Professor Rebecca Duclos, PhD
Professor, Art History

Office: |
S-EV 3823
Engineering, Computer Science and Visual Arts Integrated Complex, 1515 St. Catherine W. |
Phone: | (514) 848-2424 ext. 5612 |
Email: | rebecca.duclos@concordia.ca |
A life between academe and artists
I came to Concordia in 2010 as part-time faculty in Studio Arts and then returned in 2015 as Dean of the Faculty of Fine Arts. In the interim years, I was Graduate Dean at the School of the Art Institute of Chicago. Some years prior, I was the Director of the MFA program at the Maine College of Art, one of the earliest low residency, interdisciplinary MFAs in America. As a dual citizen, I have moved between America and Canada for academic positions over the years, but my heart and my ancestry is decidedly located in the North.
I have enjoyed a serpentining career that has toggled between academe and the cultural sphere, with “off book” forays into archaeology, sheep herding, and chefing. Long gaps, late life degrees, and living abroad have characterized my path. I hold a PhD in Art History and Visual Culture from the University of Manchester UK and an MA in Museum Studies from the University of Toronto. My undergraduate degrees are in Classical Studies and Near Eastern Archaeology (also U of T), and Art Education (York University). I am also recently certified as a death doula through the University of Vermont USA. I am always still learning!
Throughout my years of study—which were interrupted for travel and work in the cultural sector—I was fortunate to have wonderful support from the Banff Centre for the Arts, Concordia’s Gail and Stephen A. Jarislowsky Institute for Studies in Canadian Art, the Cultural Theory Institute and the Centre for Museology at the University of Manchester in England, and the Getty Research Institute in the States. I will always be thankful for funding I received over the years from the American Association of University Women, the Social Sciences and Humanities Research Council of Canada, Arts Council England, and the Canada Council.
Prior to my teaching and administrative work back in Canada, I lived, worked, and studied away for a number of years. I taught in Museum Studies, Art History, and Studio Art departments at Deakin University AUS, the University of Manchester, and Manchester Metropolitan University UK, respectively. Between my Masters and PhD degrees, I held institutional appointments at the McMichael Canadian Art Collection, the Design Exchange, the Textile Museum of Canada, and The Manchester Museum.
I long for the days when I was an independent curator working on projects either solo, or as a collaborative duo with my now husband, artist David K. Ross. A decade of works include the “Manchester Letherium” at Cornerhouse UK, “As Much as Possible in the Time and Space Allotted” at Concordia’s Leonard and Bina Ellen Art Gallery, “Voir/Noir” at the Musée d'art de Joliette QC, “Magnify” at the ICA at Maine College of Art USA, and two projects with Montreal’s artist-run spaces Articule--“Telepathic Drawing Session”-- and Skol, “In this lack of containment lies a danger but also a power.” Past publications include essays on artists Peter Cripps, Mike Nelson, Janet Cardiff, George Bures Miller, Lyne Lapointe & Martha Fleming, Gisele Amantea, Leah Garnett, Arnaud Maggs, and Spring Hurlbut.
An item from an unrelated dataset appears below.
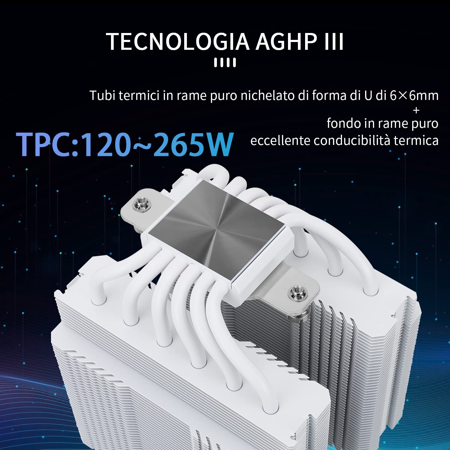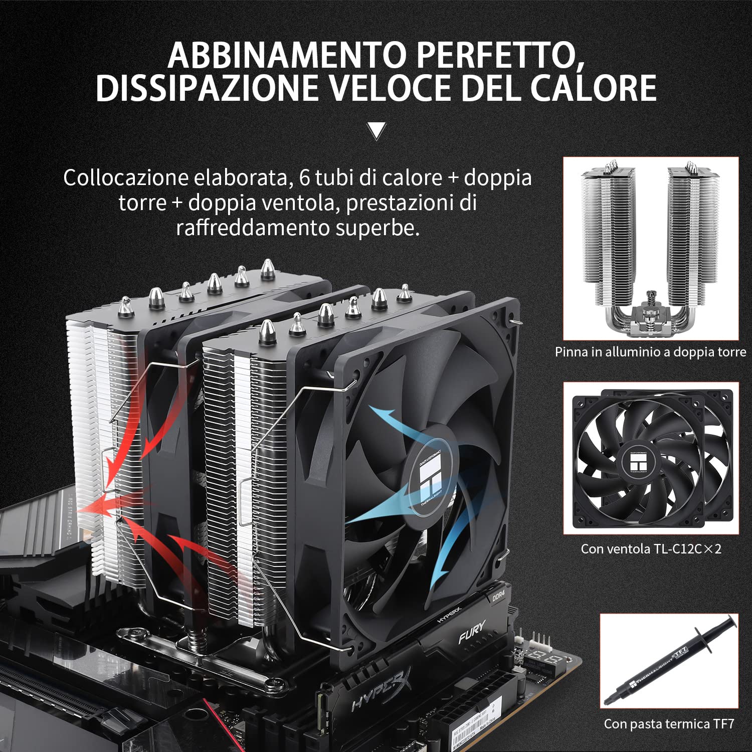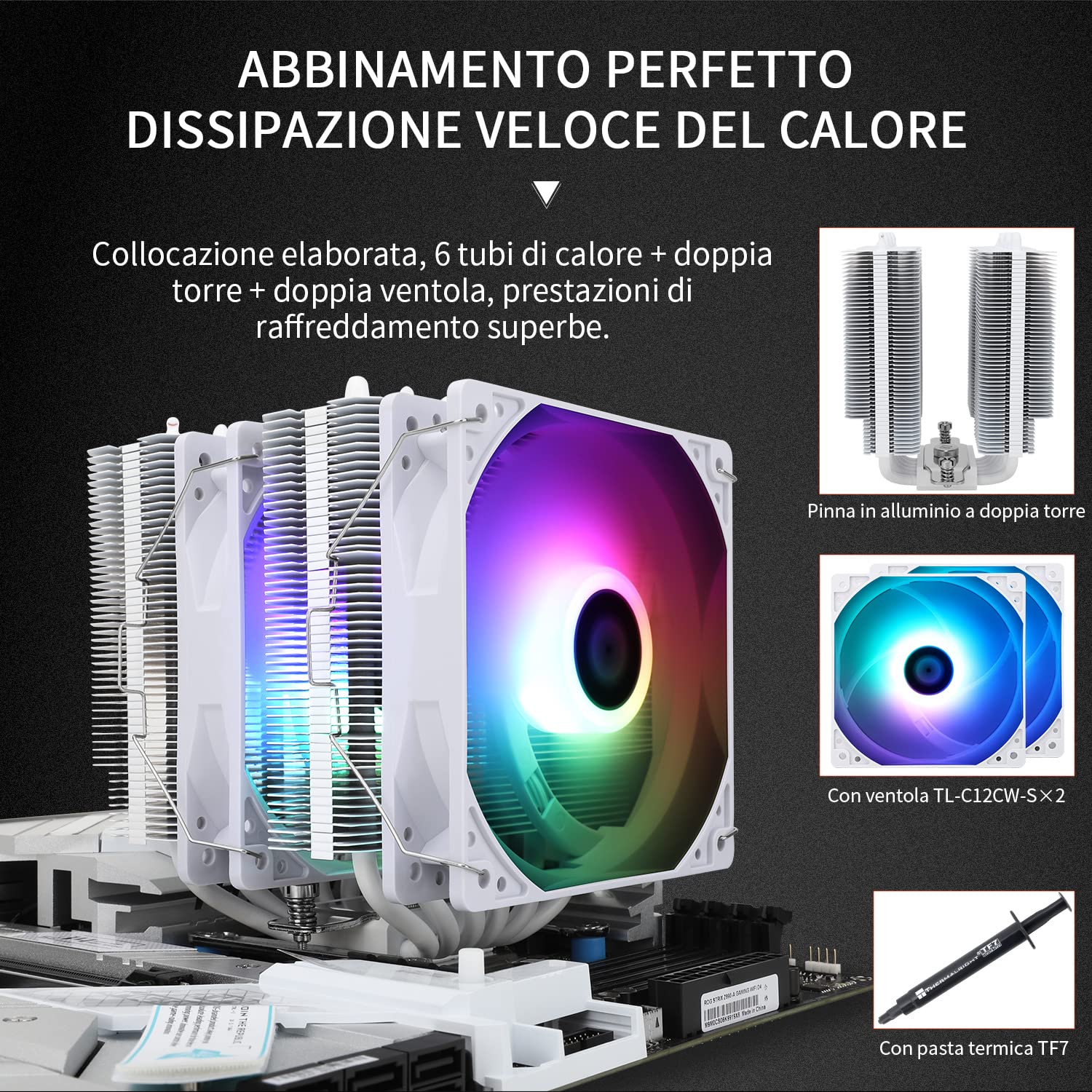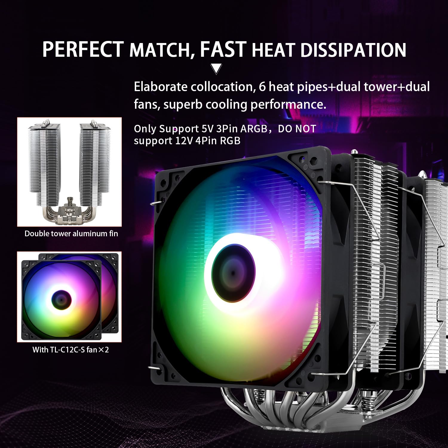 • [Dual PWM Fans] TL-C12C Reverse Fan*2; Standard size PWM fan: 120x120x25mm (4.72x4.72x0.98 inches); Fan speed (RPM): 1550rpm±10%; Power interface: 4pin; Voltage: 12V; Air volume: 66.17 CFM (MAX); The noise value is≤25.6dB (A), and dual fans can provide stronger air flow, further improving the heat dissipation effect of the cpu cooler.

Three of the most important passions I pursue presently are my work as a Representative Board Member for the European League of Institutes of Art (ELIA), my commitment to the Dying with Dignity movement, and my longstanding involvement with the greyhound rescue community (seven hounds later, and counting).

Teaching activities
ARTH 298 Museological Modes: critical interventions through objects and architectures
Museological Modes is an intensive introduction to key concepts, challenges, and practices that have characterized museological discourse and interventionist action in cultural institutions over the past fifty years. Although the course is structured around select curatorial and artistic projects identified within the genre of “institutional critique,” the thrust is, in fact, to engage in interpretive re-readings of projects through historical, theoretical, and critical narratives which exist for the most part outside the field of Museum Studies. Of interest to subversive scholars, critical cultural workers, and intellectual interventionists, Museological Modes will incorporate case study analyses, but also live conversations with practitioners and hands-on workshops in interpretive programming and exhibition design
ARTH 633C: The Place of Embedded Art Writing
This seminar takes advantage of our place amongst nine vibrant Fine Arts departments where creative production happens on a vast scale daily. The course brings emerging art historians, curators, writers, and critics directly into spaces of production and fabrication, rehearsal and experimentation at Concordia. We will not only produce work alongside creative practitioners whom we find in our midst, but will also look at other experiences of “embeddedness” as described by journalists, ethnographers, geographers, and zoologists in the field. This is a course for students who would like to develop their own approach to art writing—new ways to capture and compose, observe and articulate—in order to formulate a distinct voice through live interaction and critical conversation with peer practitioners.